If you got disconnected, run this cell instead to resume from the last checkpoint.

In [None]:
# Check for existing checkpoints
import os

checkpoint_dir = "./musclebob-model-improved"
checkpoints = [f for f in os.listdir(checkpoint_dir) if f.startswith("checkpoint-")] if os.path.exists(checkpoint_dir) else []

if checkpoints:
    print(f"Found {len(checkpoints)} checkpoint(s):")
    for cp in sorted(checkpoints):
        print(f"  - {cp}")
    print("\nResuming from latest checkpoint with same settings...\n")
    
    # Resume training with same settings (SFT + GRPO)
    !python train_musclebob_improved.py \
      --model Qwen/Qwen2.5-0.5B-Instruct \
      --sft \
      --sft-epochs 2 \
      --epochs 5 \
      --batch-size 8 \
      --num-generations 8 \
      --learning-rate 5e-5 \
      --num-samples 64 \
      --output-dir ./musclebob-model-improved \
      --resume-from-checkpoint auto
    
    print("\n✓ Training resumed and completed!")
else:
    print("❌ No checkpoints found.")
    print("   Run the 'Start Fresh Training' cell above instead.")
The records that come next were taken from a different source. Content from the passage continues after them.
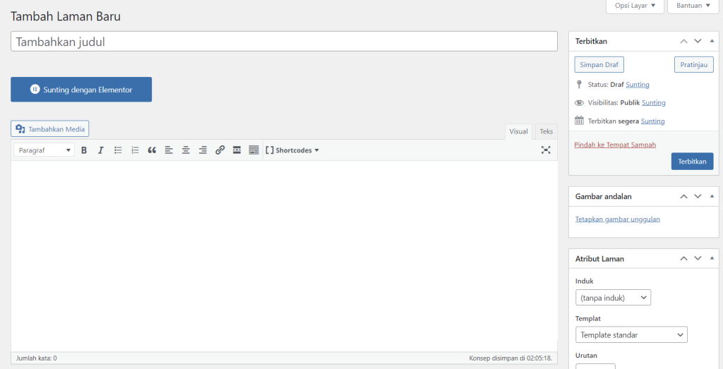 Kolom Laman attribut ini berada disebelah kanan kolom editor dan di bawah kolom Terbitkan.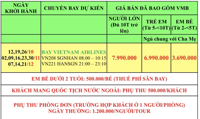 BẢNG BÁO GIÁ TOUR TRỌN GÓI DÀNH CHO 01 KHÁCH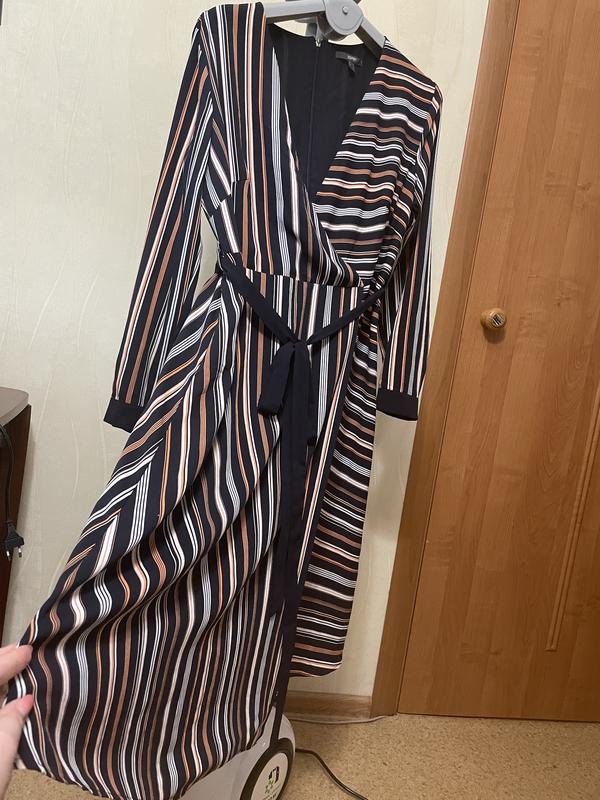 Дуже гарне та ефектне плаття на запах, запах прошит, тому юбка розлітатись не буде. Усе плаття з підкладкою, тому можна і на теплу осінь. На грудях запах дозволить одягти на пишні форми, виріз відкритий, я одягала з ажурною майкою, можу надіслати фото. Є довгий пояс. Заміри Плечі 42+ НОГ 54 НОТ 47 Довж 110 Довж сукні 72 Довж рукава 62

## 6. Analysis: View Training Results

In [None]:
# Analyze training results
!python analyze_training.py --model-dir ./musclebob-model-improved

## 7. Testing: Compare Base vs Fine-tuned

In [None]:
# Test and compare models
!python test_musclebob.py \
  --model ./musclebob-model-improved \
  --compare-base Qwen/Qwen2.5-0.5B-Instruct \
  --num-prompts 5

## 8. Interactive Testing

In [None]:
# Interactive testing (programmatic version for Colab)
from transformers import AutoTokenizer, AutoModelForCausalLM
import torch

# Load the fine-tuned model
model_path = "./musclebob-model-improved"
base_model = "Qwen/Qwen2.5-0.5B-Instruct"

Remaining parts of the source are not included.